Today there is a new treat in store. It is announced that there will be a new teaching series for the church. We will be looking at the Old Testament book of Joshua!! His hand goes up and he cries out with joy; “Who said my name? Here I am!”

Have they thought this through I wonder? Do they realise that for the next few weeks, a loud cry will be heard every time they mention my son’s namesake in their preaching? That to hear his name spoken through a microphone is the height of excitement for my son? At least everyone who teaches in this series can be assured of an enthusiastic response when they get up to speak. And for Joshua it will only confirm how important he is to us all.

Joshua brings life everywhere that he goes. He enhances every moment and shares his enjoyment willingly with others. He never fails to react or respond to the endless things that make him happy. Everyone needs a Joshua to remind them of the wonder of life. And Joshua needs a sofa to spread his message.

Picnic in the Square

What could be nicer than a picnic in an idyllic French village? We sat down at the end of a long wooden table in the village square. The locals were warm and friendly. Stalls sold local produce and an increasing numbers of families arrived to enjoy what was fast becoming a communal lunch.

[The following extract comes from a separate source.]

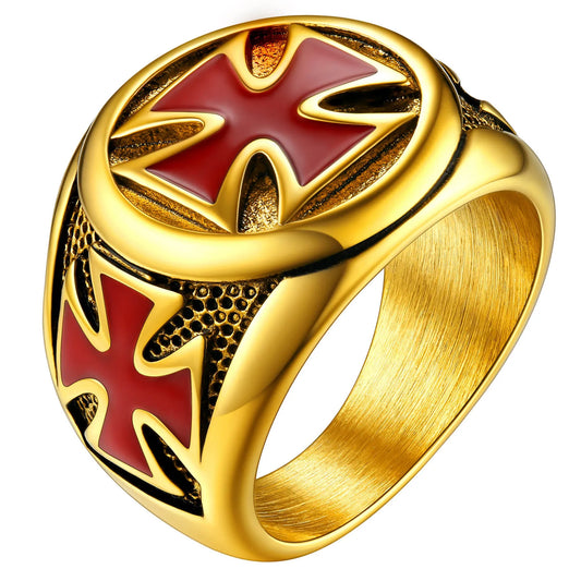 U7 Stainless Steel Round Knight Templar Rings Red Glaze Cross The Temple of Solomo Crusader Cross Man Signet Ring Jewelry Gift

The picnic I’d hastily thrown together that morning was unimaginative. We livened it up with some fresh pastries from the stalls but all knew that our lunch was shabby in comparison to what other families were tucking into.

On reflection, remaining at what was fast becoming a food festival was probably a mistake. So bowled over were we by the occasion and atmosphere, we forgot what type of family ours was. Josh’s limited capacity for socialising, the midday sun and the scent of food were a recipe for disaster.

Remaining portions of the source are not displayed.